After shooting digital for several years I became discontent and wanted to start playing with film.

I've been successfully developing my own Fuji Presto 400 using Fujifilm Microfine developer.

Today I tried developing my first roll of Rollei IR400 film.  I read in a post on another site that you do NOT have to presoak the film to remove any anti-halation layer (something I have zero experience with.)

I decided to give it a try with what I had so I developed a roll with my Fuji Microfine developer.  I did 9 minutes 30 second at 20 degrees (Celcius, I'm in Japan).  When I poured the developer out to my surprise it was a clear, deep, yellow (sorry for the gross analogy, but it looked like urine.)  It was pretty clear beforehand and had never changed when developing Preso B&W film.

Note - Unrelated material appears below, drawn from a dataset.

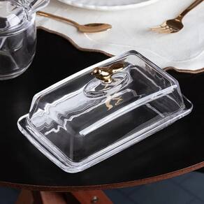 Esta peça sofisticada é inteiramente feita em cristal transparente de alta qualidade, apresentando um design clássico e lapidado que confere um brilho espetacular à mesa. O grande diferencial está na tampa, que é coroada por um delicado pássaro em relevo na cor dourada metalizada, funcionando como puxador e adicionando um charme inegável. Ideal para manter a manteiga fresca e bem apresentada, esta manteigueira é perfeita para o café da manhã ou brunch, sendo um item que une funcionalidade e um design requintado.

My question is what caused this?  Is there a layer that should have been washed away with a pre-soak?  Is this some kind of indication that I exhausted the chemicals with this roll?  

Any info. is much appreciated!

Also, I live in small-town Japan and getting any kind of variety of chemistry is a challenge, so I'm just sticking with the Fuji stuff I've been able to get for now.

BTW - the film is hanging and drying now and it looks like it developed decently.

Thanks!


----------



## Early (Apr 14, 2008)

Since no one has volunteered, I suppose I can give you my thoughts on the subject.  It just won't be of any help.

I once developed Kodak movie stock film in C-41, but I don't remember if the developer turned yellow, and I had to remove the anti-halation backing manually.


----------



## AluminumStudios (Apr 14, 2008)

Early said:


> Since no one has volunteered, I suppose I can give you my thoughts on the subject.  It just won't be of any help.
> 
> I once developed Kodak movie stock film in C-41, but I don't remember if the developer turned yellow, and I had to remove the anti-halation backing manually.



Hmm, you're right.  Your comment isn't of any help.


----------



## ann (Apr 14, 2008)

strange, i comment about this and my post has disappeared.
anyway, it is very commone for various combinations of film and developer to change color . 

i have seen orange, green , purple among other shades.


----------



## AluminumStudios (Apr 14, 2008)

ann said:


> strange, i comment about this and my post has disappeared.
> anyway, it is very commone for various combinations of film and developer to change color .
> 
> i have seen orange, green , purple among other shades.


 
Does this mean the developer is still OK to use, or should it be disposed of?

The strange thing is I looked at it again and it turned from yellow back to mostly clear!

I don't want to use it if it's compromised now, but at the same time, in small-town Japan, with my limited ability to buy developer, I want to get as much use as possible out of what I have.

-Will


----------



## ann (Apr 15, 2008)

how do your negative look? that is the real guide line. 

if they are fine, then i wouldn't worry. it is just a trait of the combination your using.


----------



## AluminumStudios (Apr 15, 2008)

ann said:


> how do your negative look? that is the real guide line.
> 
> if they are fine, then i wouldn't worry. it is just a trait of the combination your using.



My negatives look OK.  They are a little flat, but I'm not surprised since I only made an educated guess at time and temperature since I had no data for Rollei IR400 in Fuji Microfine.  This was just a test roll for me.

My concern is ... is my chemistry OK to use for more film or did something happen to it?


----------



## Judge Sharpe (Apr 16, 2008)

Do a test strip- the cut off ends of undeveloped film do eell- if they come out clear, you are OK- but developer is cheap and I sould not take a chance of ruining a greeat shot- pour it out and mix some more. 
Judge Sharpe


----------